On 11/03/2014 08:45 AM, Michal Nazarewicz wrote:
> On Fri, Oct 31 2014, Florian Fainelli wrote:
>> I agree that the CMA allocation should not be allowed to succeed, but
>> the dma_alloc_coherent() allocation should succeed. If we look at the
>> sysport driver, there are kmalloc() calls to initialize private
>> structures, those will succeed (except under high memory pressure), so
>> by the same token, a driver expects DMA allocations to succeed (unless
>> we are under high memory pressure)
>>
>> What are we trying to solve exactly with the fatal_signal_pending()
>> check here? Are we just optimizing for the case where a process has
>> allocated from a CMA region to allow this region to be returned to the
>> pool of free pages when it gets killed? Could there be another mechanism
>> used to reclaim those pages if we know the process is getting killed
>> anyway?
> 
> We're guarding against situations where process may hang around
> arbitrarily long time after receiving SIGKILL.  If user does “kill -9
> $pid” the usual expectation is that the $pid process will die within
> seconds and anything longer is perceived by user as a bug.
> 
> What problem are *you* trying to solve?  If user sent SIGKILL to
> a process that imitated device initialisation, what is the point of
> continuing initialising the device?  Just recover and return -EINTR.

I have two problems with the current approach:

- behavior of a dma_alloc_coherent() call is not consistent between a
CONFIG_CMA=y vs.
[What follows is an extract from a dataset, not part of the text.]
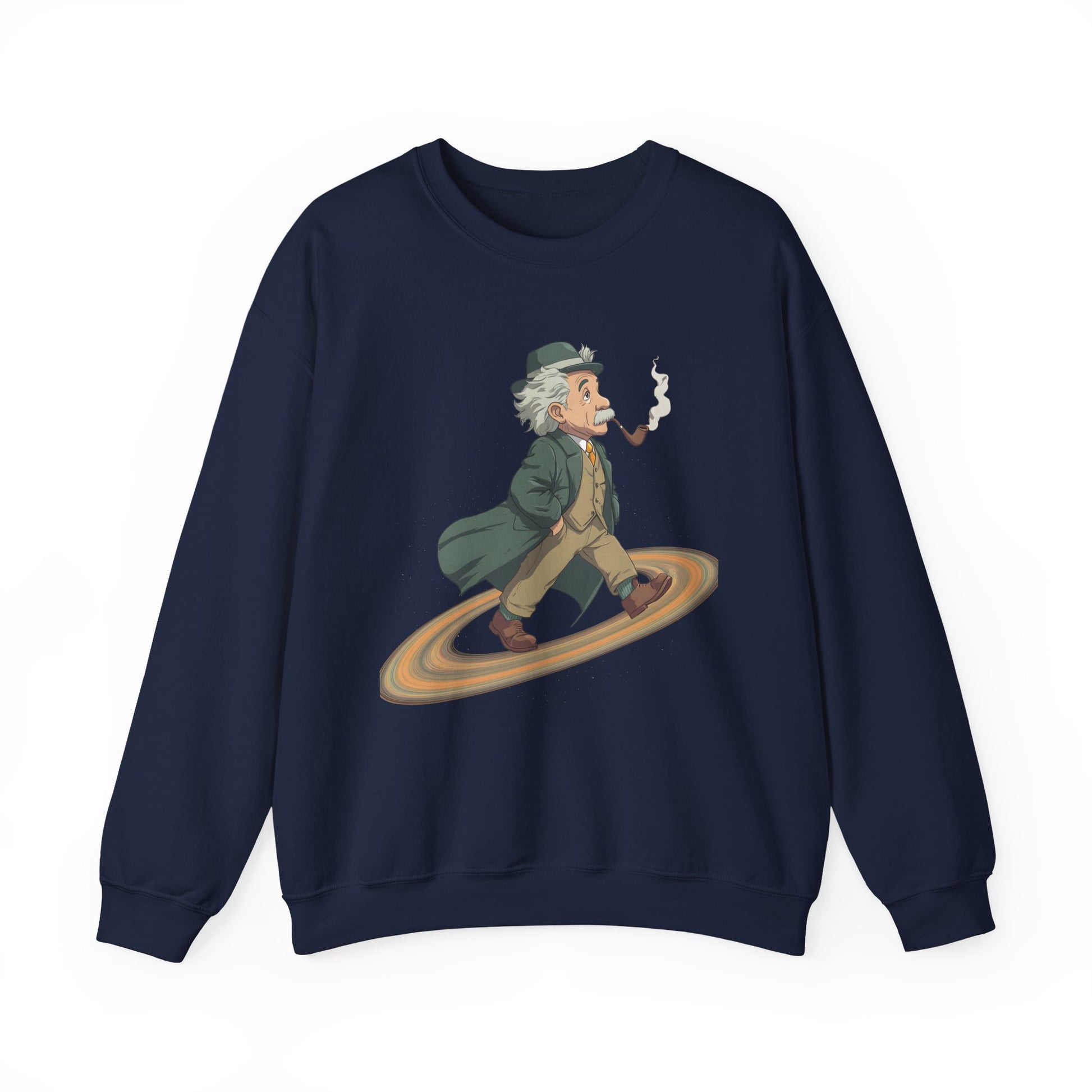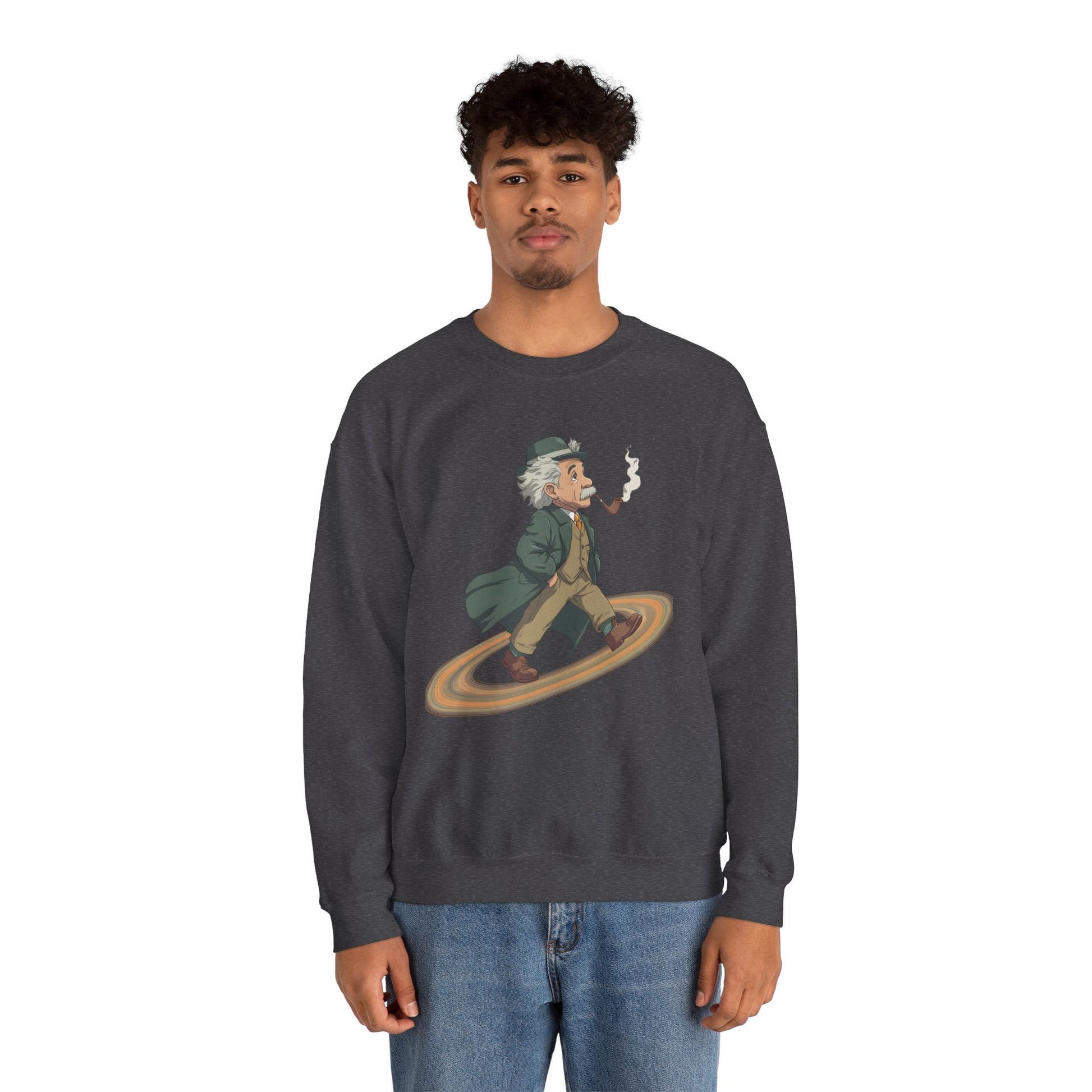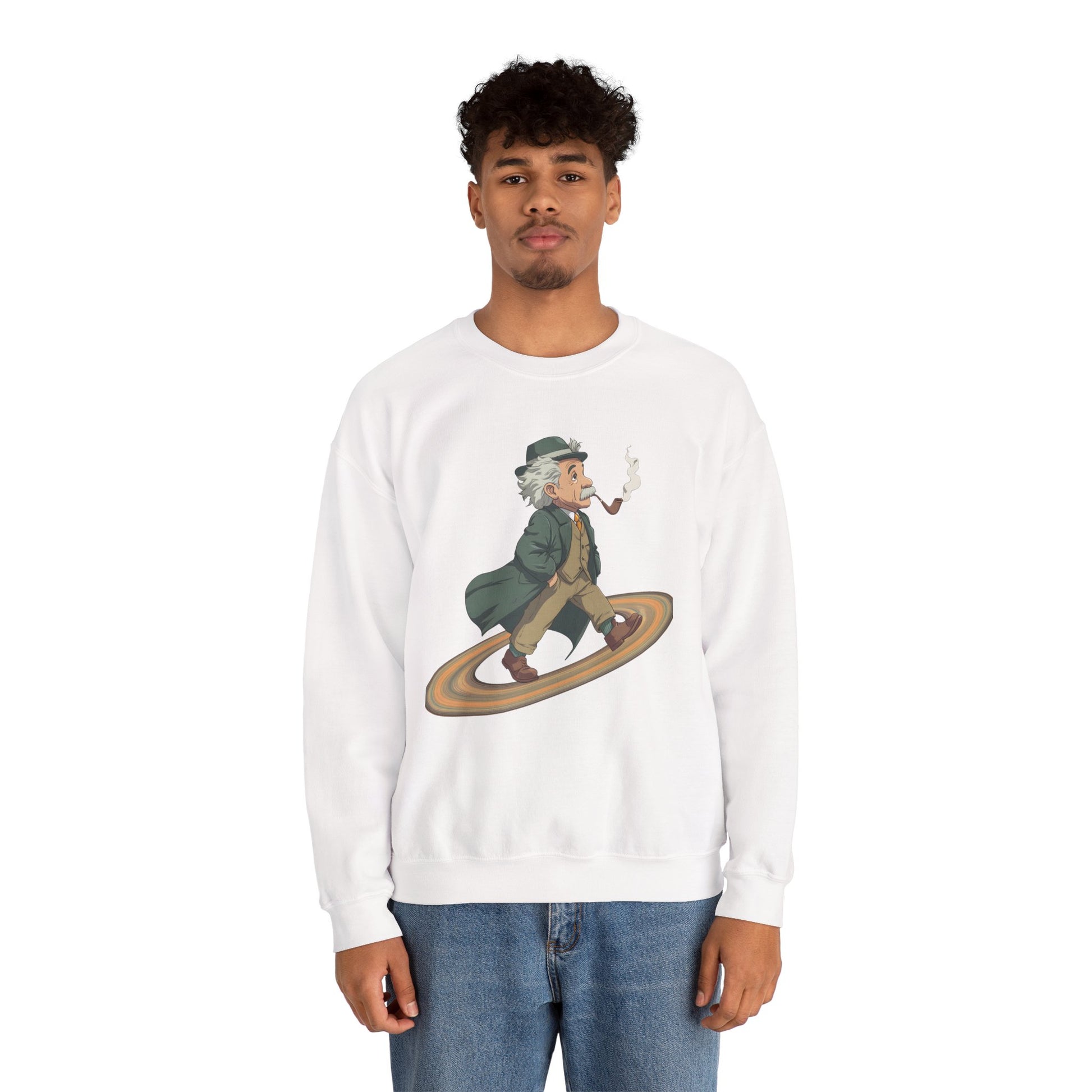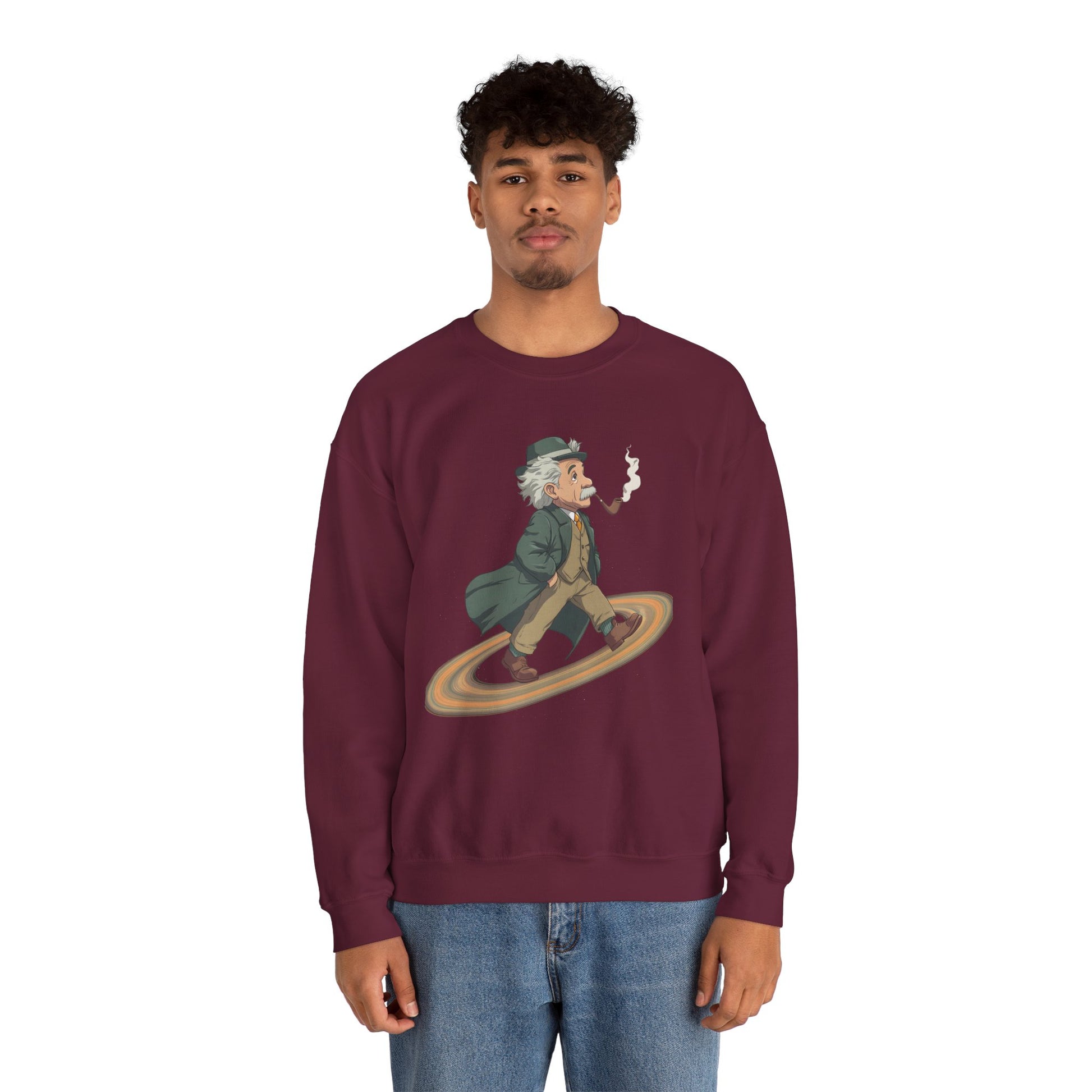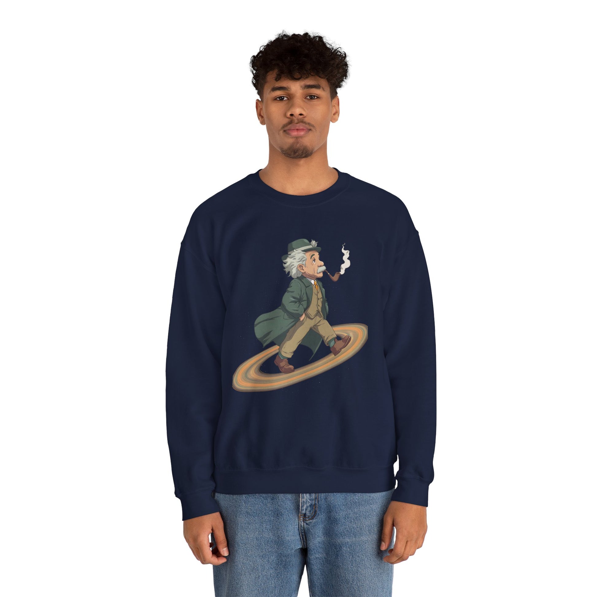 Imagine slipping into a midweight crewneck that feels like a quiet, clever nod to curious minds. This sweatshirt wears the “Einstein on Saturn” idea like a conversation starter—faintly cosmic, quietly witty. It sits comfortably through coffee-fueled late nights, library runs, and weekend stargazing. The embroidered or printed design adds texture and intrigue without shouting; it blends with well-loved jeans, worn-in boots, or a snug beanie. For adults who read astrophysics blogs, sketch constellations in the margins, or simply like clothing that hints at big questions, this crew brings warmth, durability, and a wink of intellectual humor to chilly evenings and casual gatherings under open skies.
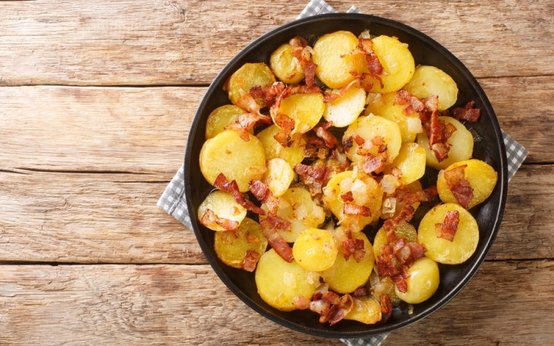 6° Incorporez les rondelles de pommes de terre. Salez légèrement (les lardons étant déjà salés) et poivrez à votre convenance.

CONFIG_CMA=n build, which is probably fine as long as
we document that properly

- there is currently no way for a caller of dma_alloc_coherent to tell
whether the allocation failed because it was interrupted by a signal, a
genuine OOM or something else, this is largely made worse by problem 1

> 
>> Well, not really. This driver is not an isolated case, there are tons of
>> other networking drivers that do exactly the same thing, and we do
>> expect these dma_alloc_* calls to succeed.
> 
> Again, why do you expect them to succeed?  The code must handle failures
> correctly anyway so why do you wish to ignore fatal signal?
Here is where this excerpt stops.